#### TASK TO COMPLETE:
I would like the lines below, from the one with "세네갈 | 프리뷰 | ||" through the one with "Mit ihren besonderen", copied exactly and without any pictures.

#### INFORMATION SUPPLIED:
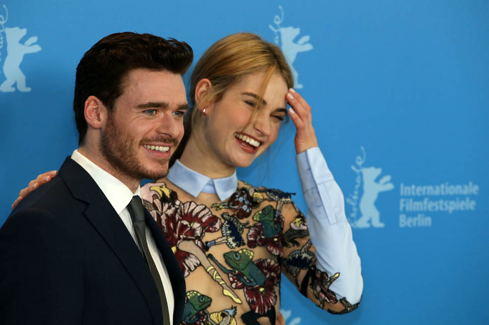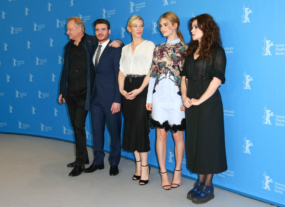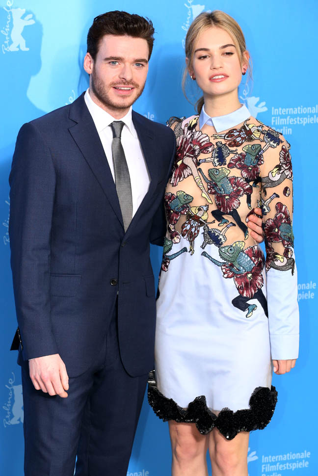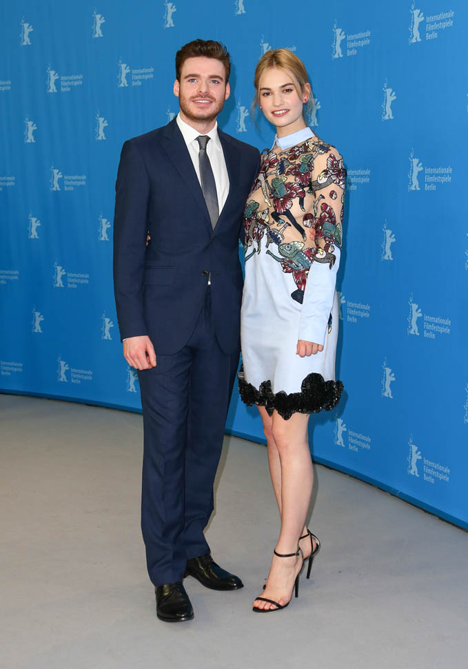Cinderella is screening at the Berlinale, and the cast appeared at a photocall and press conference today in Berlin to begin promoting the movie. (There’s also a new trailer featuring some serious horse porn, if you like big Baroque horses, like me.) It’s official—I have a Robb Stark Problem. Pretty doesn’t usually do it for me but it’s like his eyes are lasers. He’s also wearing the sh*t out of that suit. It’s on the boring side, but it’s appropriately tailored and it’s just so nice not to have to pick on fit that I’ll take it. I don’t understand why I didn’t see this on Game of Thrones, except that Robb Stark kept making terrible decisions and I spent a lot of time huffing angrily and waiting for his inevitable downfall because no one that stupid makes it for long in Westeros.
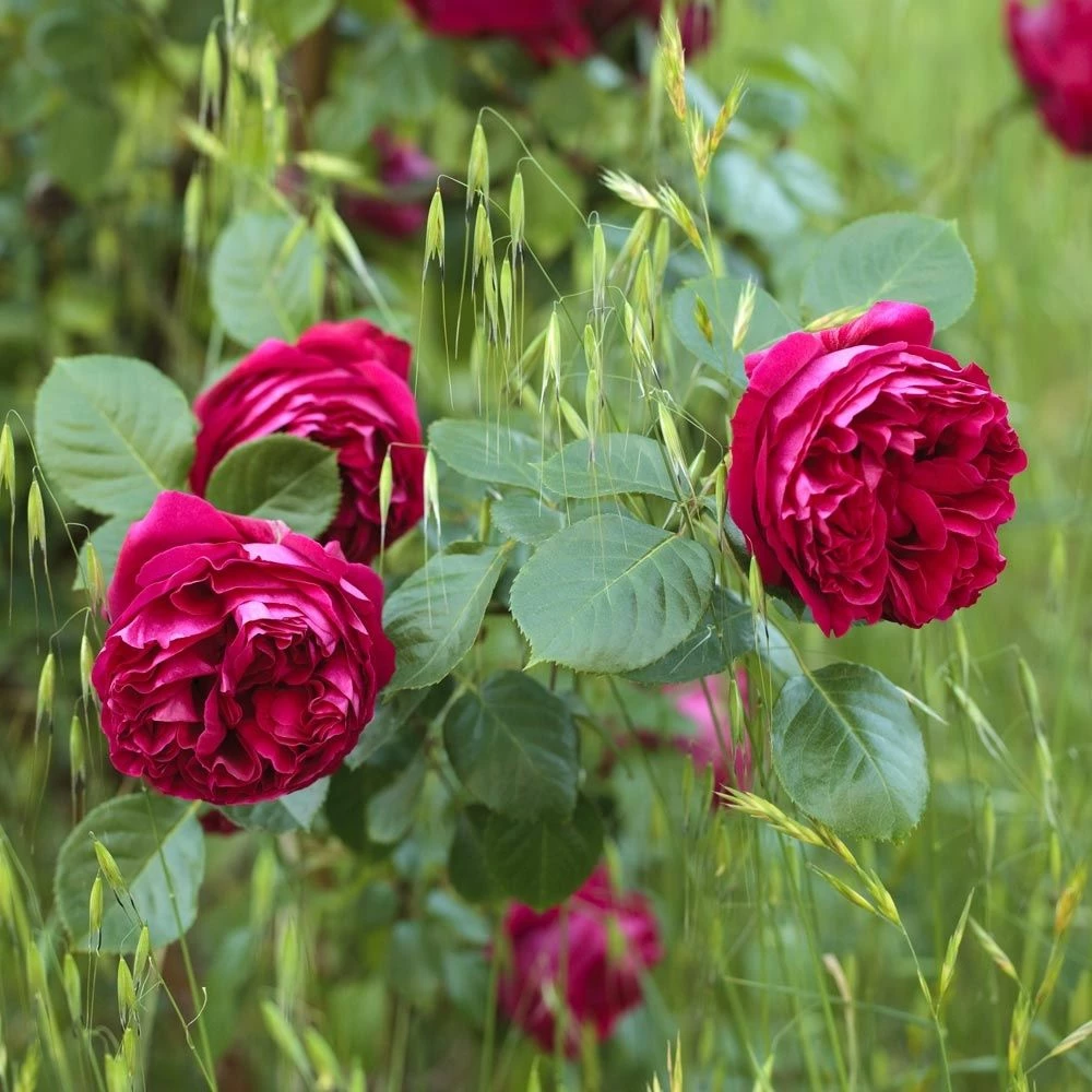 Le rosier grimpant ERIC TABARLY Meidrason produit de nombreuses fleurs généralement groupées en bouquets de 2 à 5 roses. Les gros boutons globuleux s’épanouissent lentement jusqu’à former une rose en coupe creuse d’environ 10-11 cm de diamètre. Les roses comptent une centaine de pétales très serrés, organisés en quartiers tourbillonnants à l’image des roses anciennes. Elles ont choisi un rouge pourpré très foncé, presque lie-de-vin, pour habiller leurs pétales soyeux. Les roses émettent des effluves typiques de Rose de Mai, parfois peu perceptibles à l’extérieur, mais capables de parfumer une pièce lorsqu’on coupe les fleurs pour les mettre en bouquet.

...

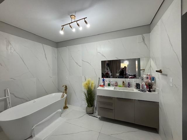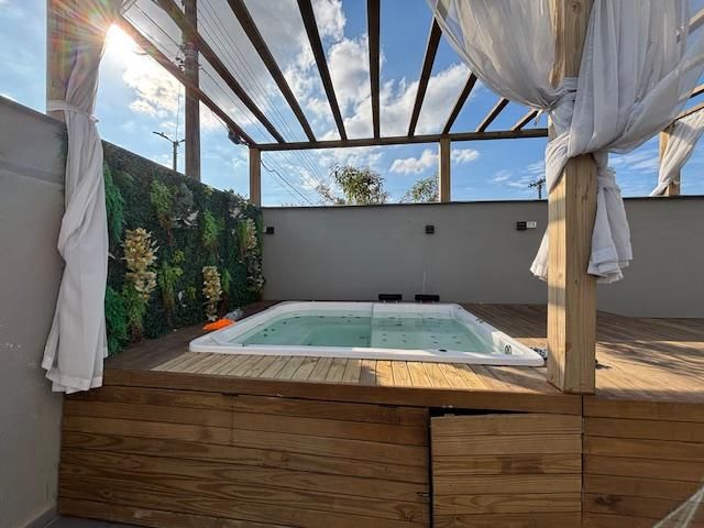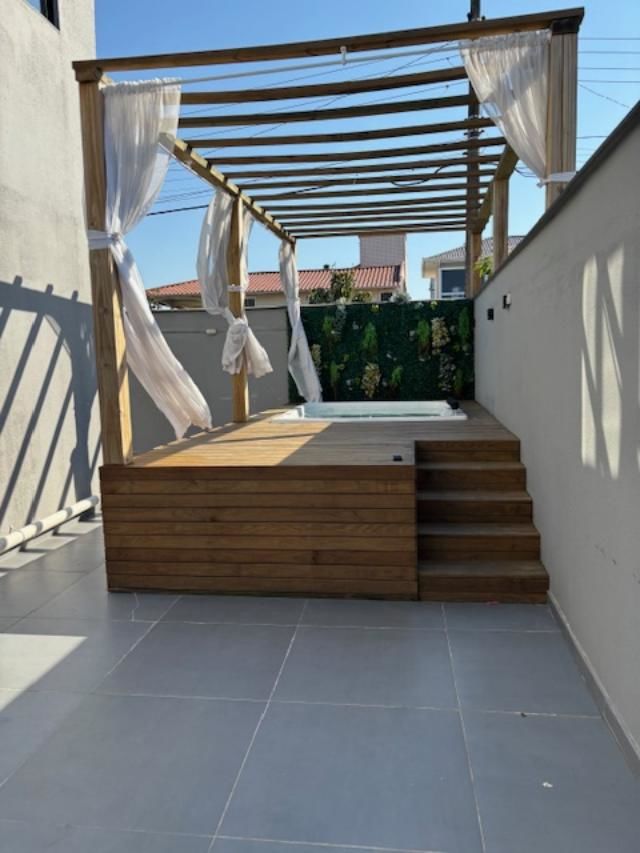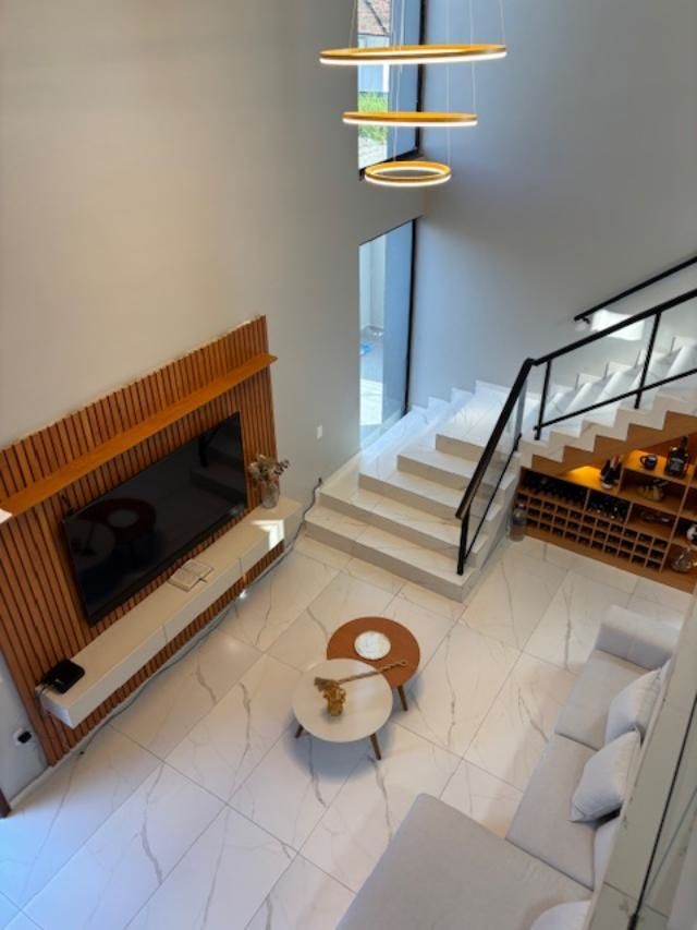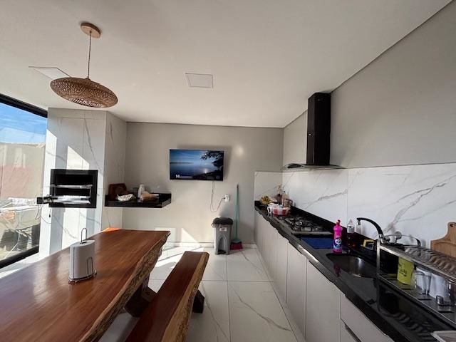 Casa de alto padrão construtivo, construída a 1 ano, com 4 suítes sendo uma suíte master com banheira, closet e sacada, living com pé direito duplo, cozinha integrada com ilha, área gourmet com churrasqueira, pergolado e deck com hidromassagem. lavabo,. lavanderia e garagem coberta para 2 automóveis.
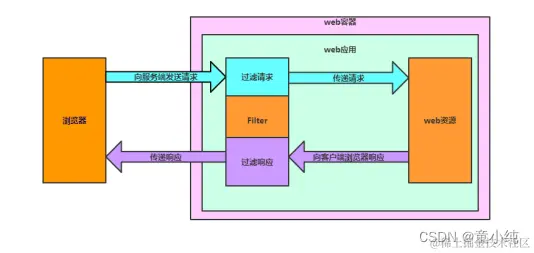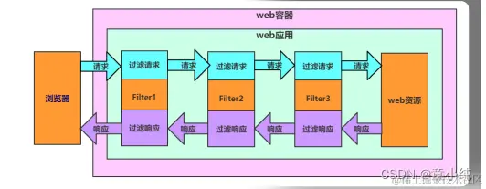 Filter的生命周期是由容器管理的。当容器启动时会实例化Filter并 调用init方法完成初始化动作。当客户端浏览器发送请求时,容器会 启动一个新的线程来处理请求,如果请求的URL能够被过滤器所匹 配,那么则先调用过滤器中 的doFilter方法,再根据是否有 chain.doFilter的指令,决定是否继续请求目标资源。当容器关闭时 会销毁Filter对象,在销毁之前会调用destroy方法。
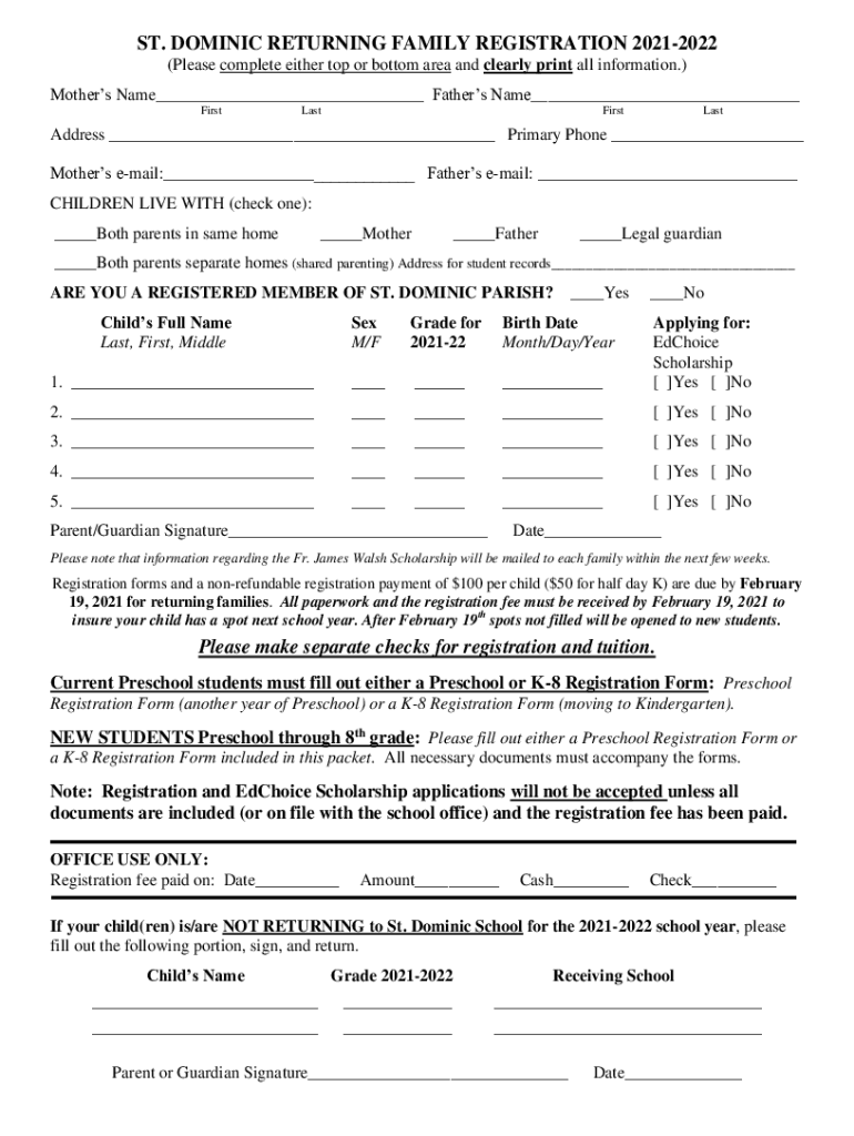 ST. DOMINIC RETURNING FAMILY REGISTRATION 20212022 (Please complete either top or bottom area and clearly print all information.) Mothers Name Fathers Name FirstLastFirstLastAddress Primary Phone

--

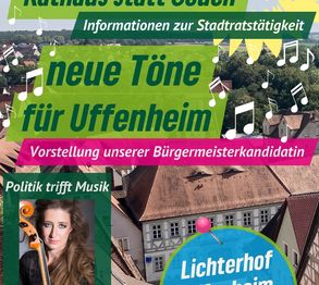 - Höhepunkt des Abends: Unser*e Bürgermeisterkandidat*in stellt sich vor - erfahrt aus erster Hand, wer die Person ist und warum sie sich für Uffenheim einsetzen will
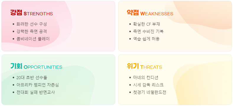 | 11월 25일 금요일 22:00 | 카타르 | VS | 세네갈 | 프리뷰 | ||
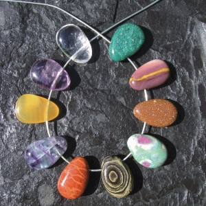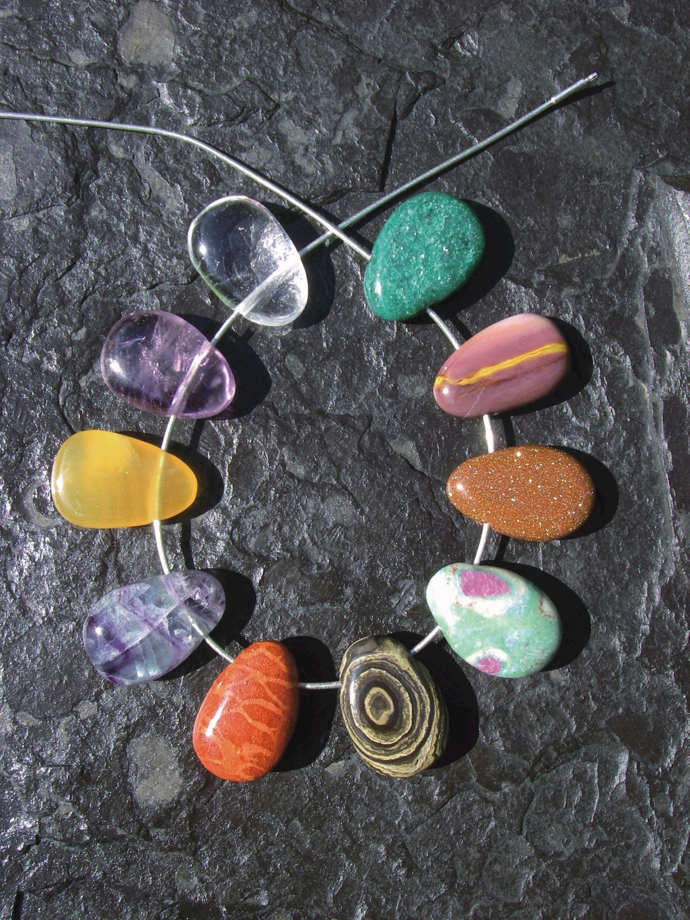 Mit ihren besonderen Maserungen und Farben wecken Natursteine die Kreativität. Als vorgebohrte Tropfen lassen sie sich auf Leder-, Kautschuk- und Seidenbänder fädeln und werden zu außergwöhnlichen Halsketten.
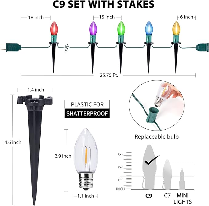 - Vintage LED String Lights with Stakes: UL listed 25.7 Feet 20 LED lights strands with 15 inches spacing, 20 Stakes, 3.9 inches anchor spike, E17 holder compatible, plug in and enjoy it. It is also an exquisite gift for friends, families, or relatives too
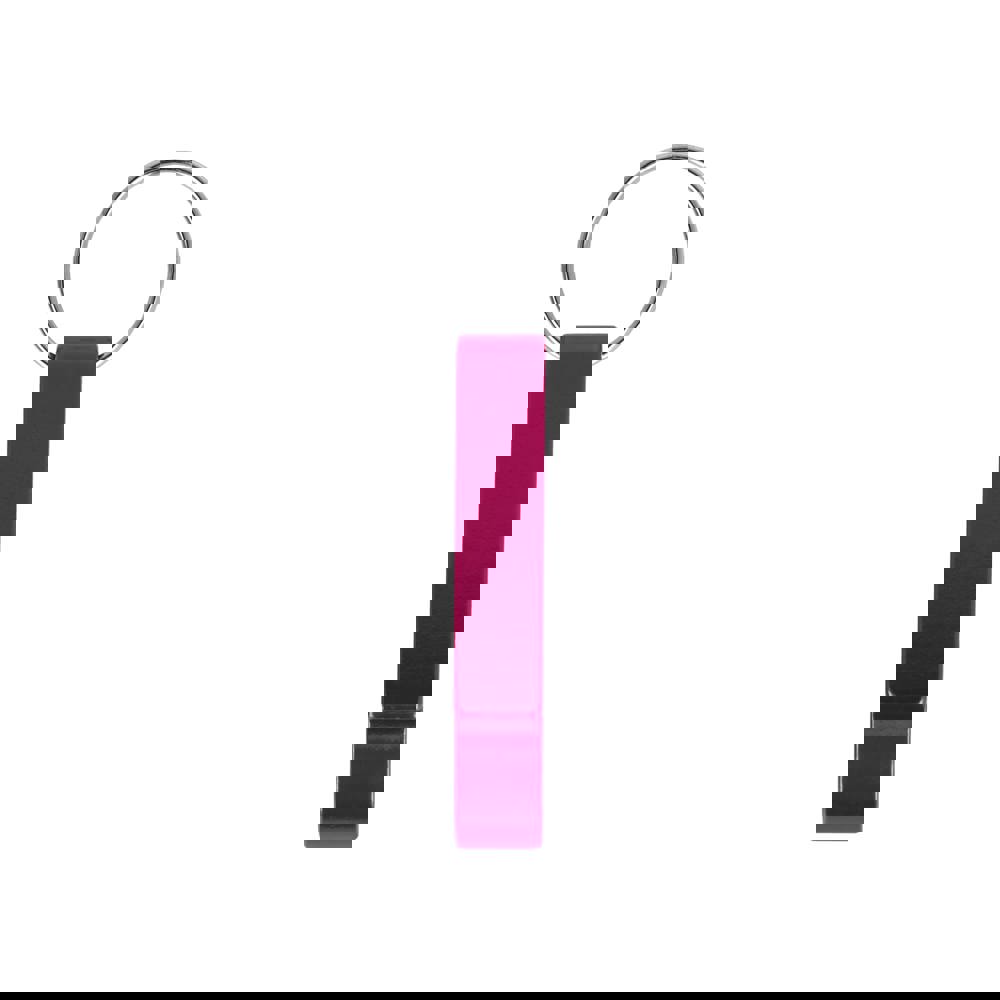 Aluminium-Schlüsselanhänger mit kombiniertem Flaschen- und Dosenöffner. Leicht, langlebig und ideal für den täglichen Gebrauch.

#### SOLUTION FOR THIS PROBLEM:
 | 11월 25일 금요일 22:00 | 카타르 | VS | 세네갈 | 프리뷰 | ||
 Mit ihren besonderen Maserungen und Farben wecken Natursteine die Kreativität. Als vorgebohrte Tropfen lassen sie sich auf Leder-, Kautschuk- und Seidenbänder fädeln und werden zu außergwöhnlichen Halsketten.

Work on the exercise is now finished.